[[ Supplied material open ]]

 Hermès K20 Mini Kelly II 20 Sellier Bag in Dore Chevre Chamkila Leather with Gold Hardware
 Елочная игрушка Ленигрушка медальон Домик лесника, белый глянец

[[ Supplied material closed ]]
[[ Supplied material open ]]

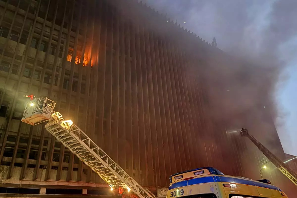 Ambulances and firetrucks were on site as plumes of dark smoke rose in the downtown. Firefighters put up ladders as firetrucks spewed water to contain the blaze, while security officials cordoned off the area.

[[ Supplied material closed ]]

The lines to extract from the data above begin with the line containing "Hermès K20 Mini" and end with the line containing "Елочная игрушка Ленигрушка". Extract them exactly, including both.

 Hermès K20 Mini Kelly II 20 Sellier Bag in Dore Chevre Chamkila Leather with Gold Hardware
 Елочная игрушка Ленигрушка медальон Домик лесника, белый глянец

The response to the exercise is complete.